Once again, white people were at the centre, even in a space ostensibly set aside to preface black oppression and pain. White people were portrayed as simply “acting on behalf of the state” or “just following orders” when inflicting violence and destruction on black lives. This narrative relegated responsibility to an anonymous impersonal system of apartheid when white people themselves as a collective of individuals are the system; when they upheld and perpetuated the system’s inhumanity; when they were, and continue to be, beneficiaries of its injustices.

These examples are not just part of white supremacy but also illustrative of how the TRC’s focus on demonstrated and performative acts of forgiveness and “healing” extended this narrative as shibboleths and cultural memes to be reproduced; a script for whiteness and white people to act out in post-apartheid society; a script written for a film where once again whiteness is the main protagonist. It gave us a code for how to behave, even going as far as to excoriate those of us not ready, then and now, to forgive and reconcile. Winnie Mandela is a perfect example of this.

The TRC, in general, is a tiring conversation that leaves many with frustration and valid anger. And in this current climate of critique, it is important for us to question and challenge our collective psyche as a people, and how it is that we would forgo a chance at justice, merely opt for the truth following a haphazard attempt at whatever it is we have now?

TRC ‘entrenched white victimhood’

The TRC, while being the first of its kind, “bandaged previous injustices” and played an active role in the production and entrenchment of white victimhood. The workings of the TRC centralised white perpetrators and, by doing so, denied pursuits for justice.

We live in a white world; a world where white is “right”; a world where whiteness is by default afforded innocence while blackness is criminalised; a world where the closer you are to it, the more privilege and power it bestows upon you.
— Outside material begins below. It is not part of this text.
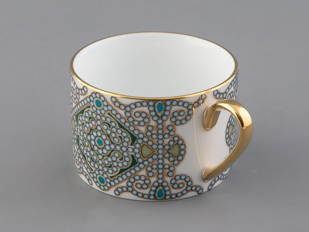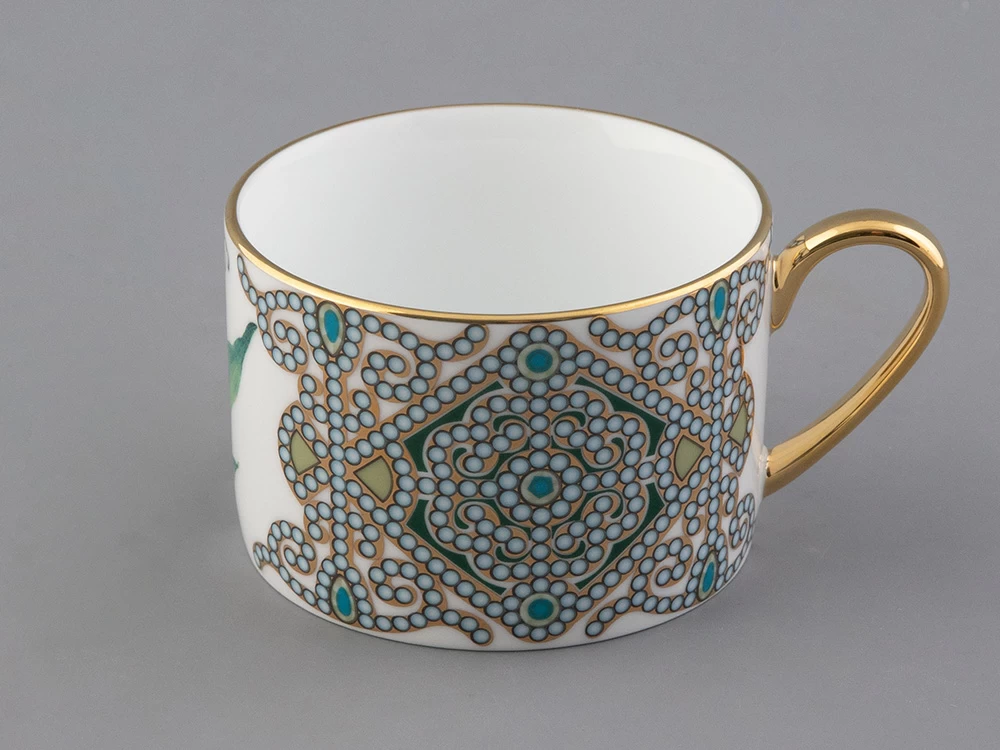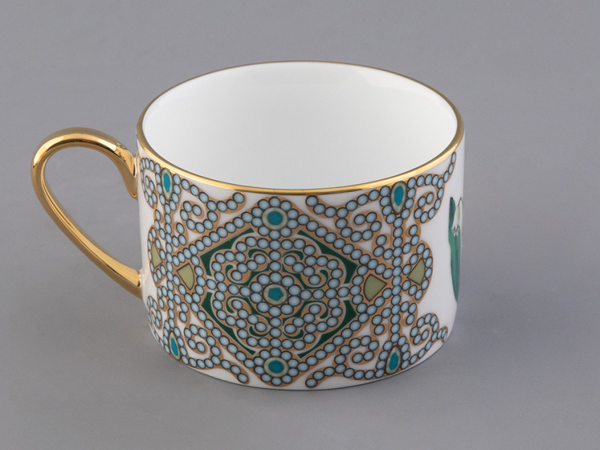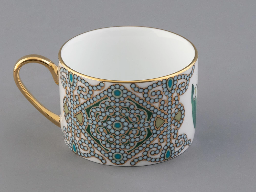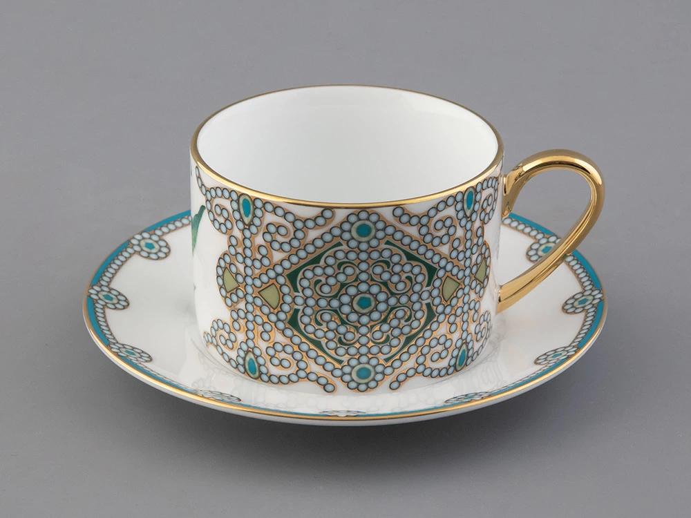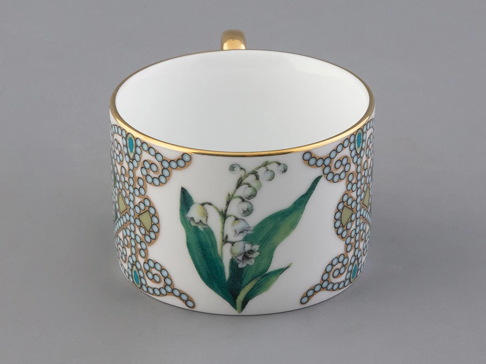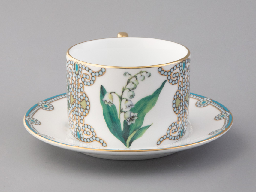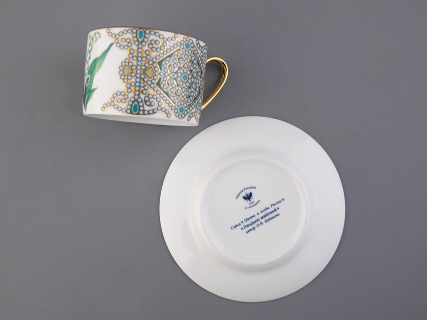 Чайная пара с майским ландышем вошла в коллекцию «Цветы и ягоды России». Композиция на фарфоре, выполненная в эстетике винтажных ботанических иллюстраций, дополнена орнаментальным узором. Рисунок представляет собой авторское размышление на тему национальной вышивки.
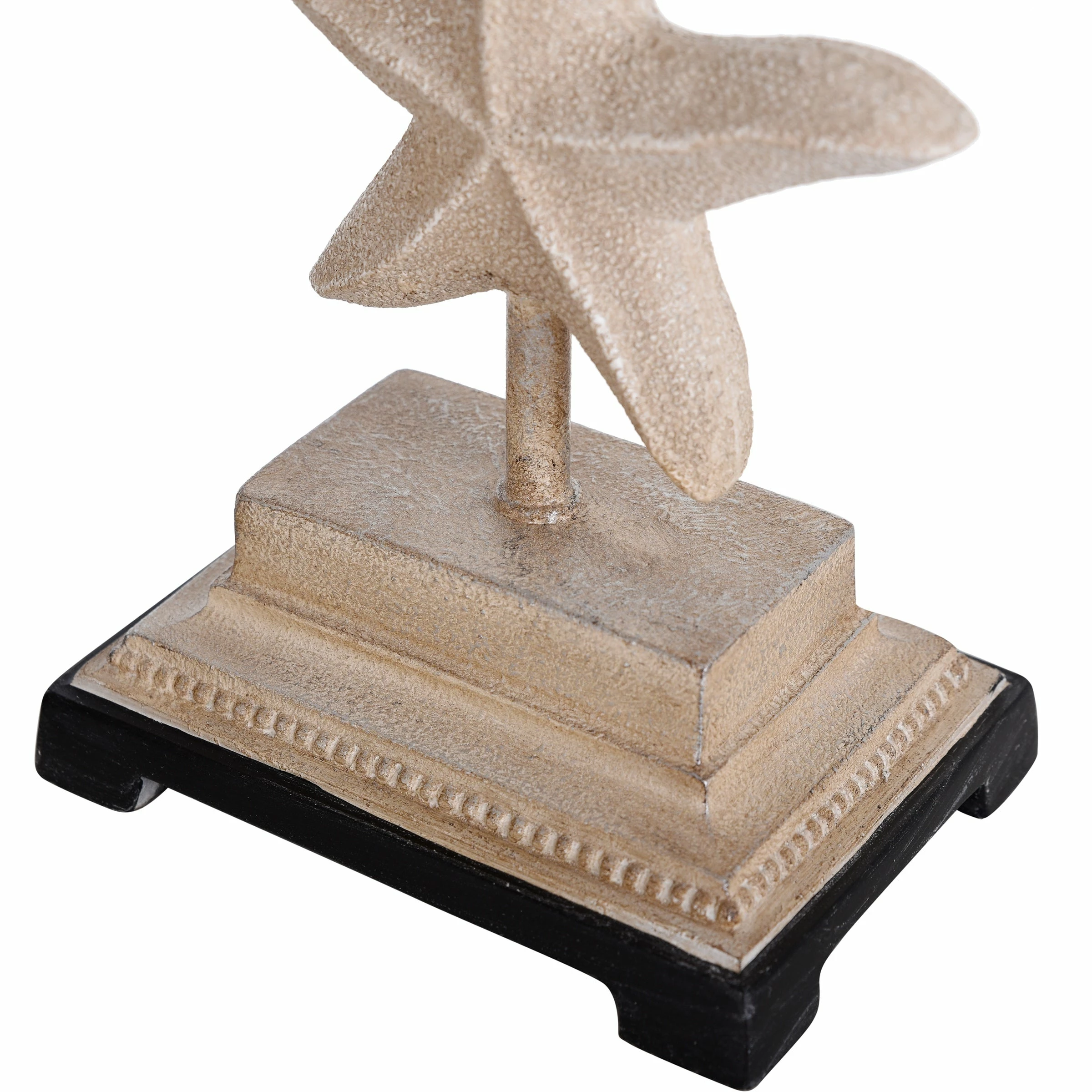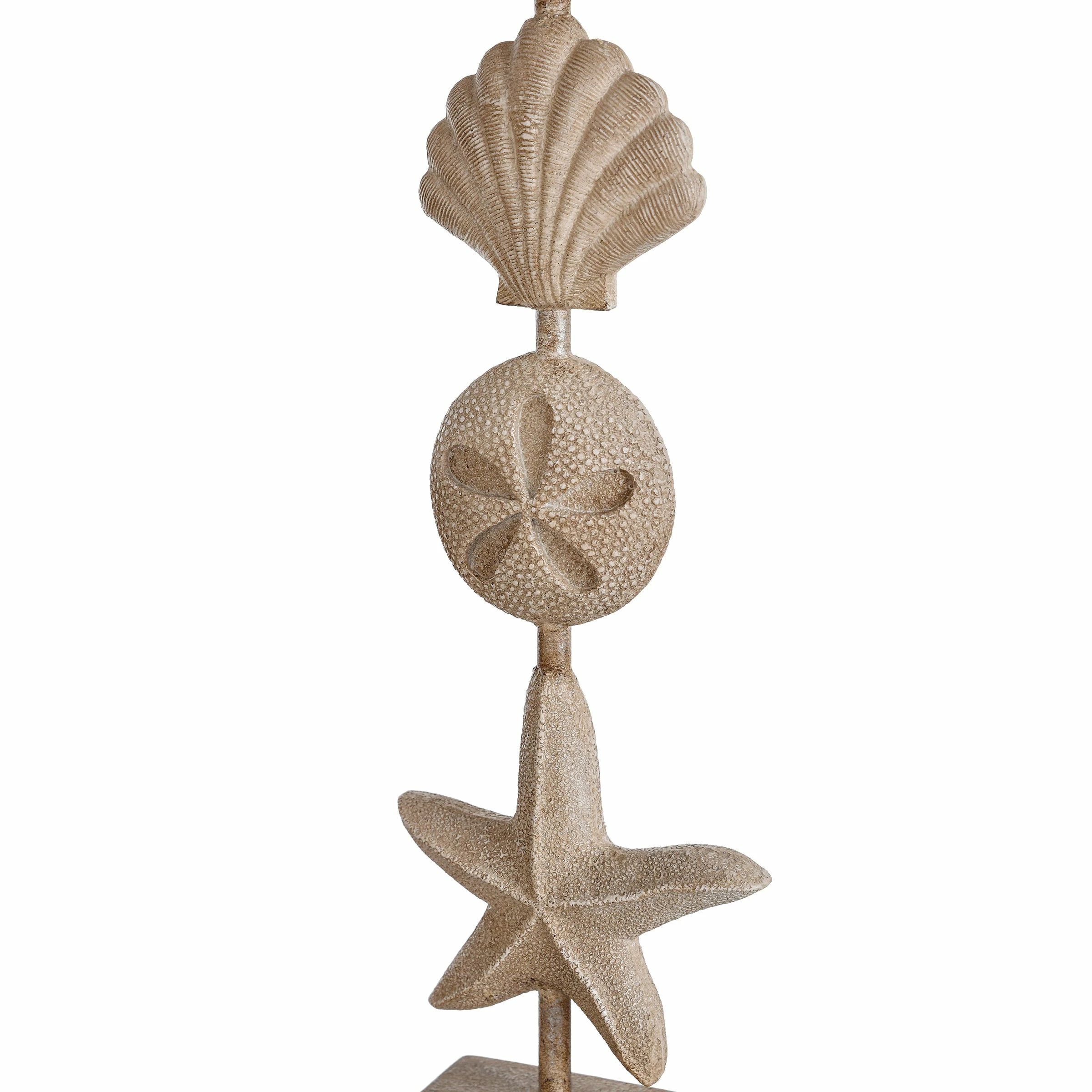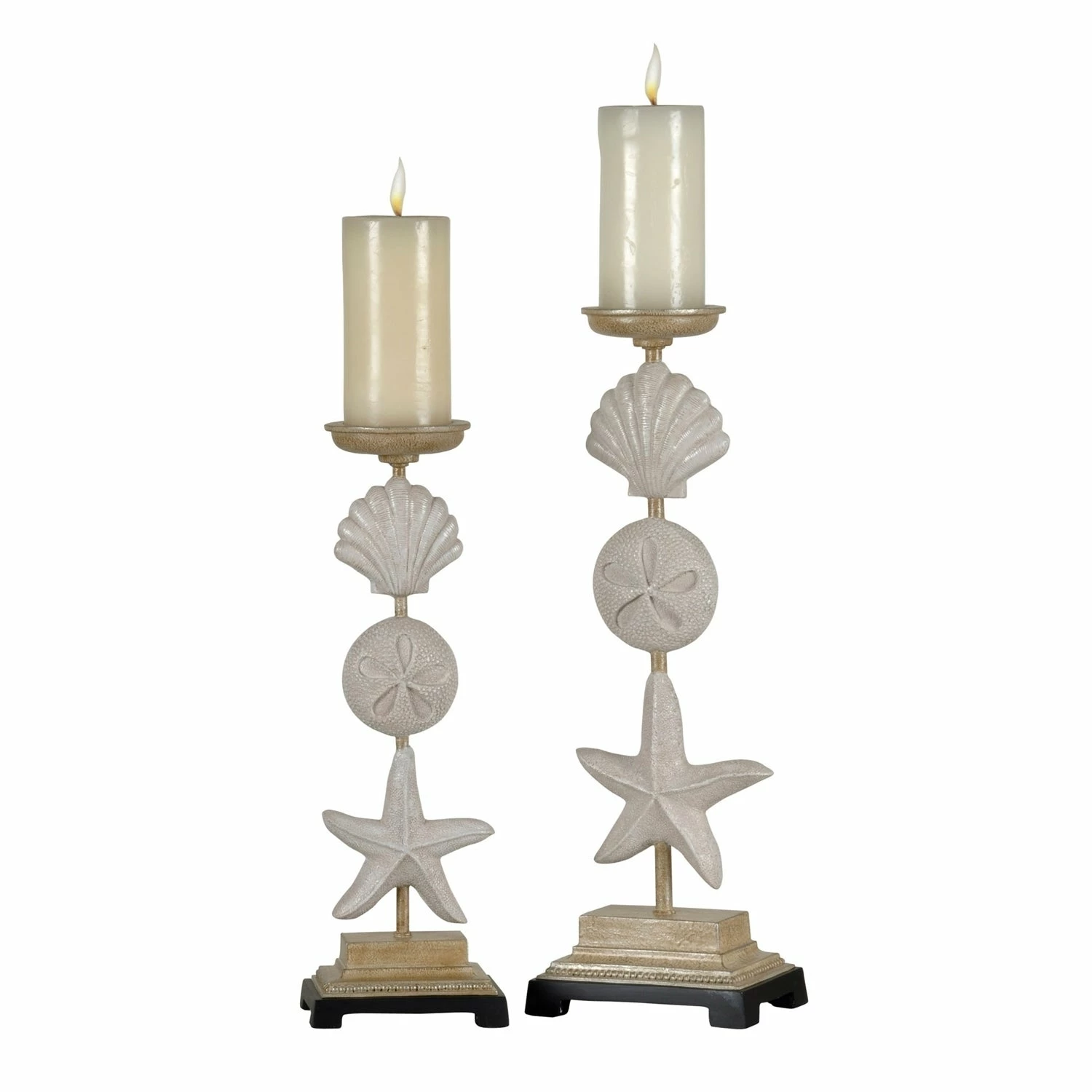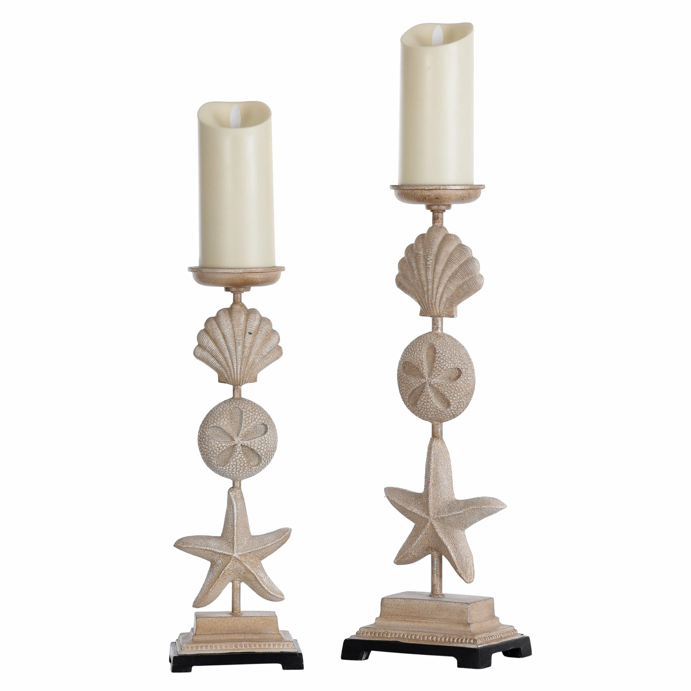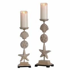 Perfect additions to any room with coastal-inspired décor, both candleholders in this set of two have a dark base and a beige finish. The design of each piece includes a starfish, sand dollar, and seashell. Whether displayed together or separately, these candleholders add ocean-inspired flair to a side table in a hallway, dining room, office, bedroom, or living room.

Whiteness and white supremacy are global phenomena with real-life consequences. In dialogue, for example, the language that we use to talk about racism, more often than not, protects white people. We relegate responsibility to “whiteness” (a relatively abstract concept) but it is white people who uphold and perpetuate it. It is from white people that whiteness is constructed.

Moreover, when called out, white people centralise themselves, their fragility, and their discomfort, which ultimately shields them from taking responsibility for their role as perpetrator and us moving forward from there.

The TRC was imperfect and had positives, to be sure. But it also denied the victims of apartheid a chance at justice on many levels. While that may be a difficult thing for us to grapple with, it is important that we do. Especially since so many of the deep-seated societal issues that we are currently facing were negated and even perpetuated by the legacy and co-constructed memory and narrative of the TRC.

Scrutinising the political transition of the 1990s is imperative to our conversations around social change today. It is important to sit with whatever discomfort it may conjure up; it is important to examine these critiques and it is important to learn from these mistakes. Because no longer can we simply negate humanity and deny justice for the sake of protecting white people.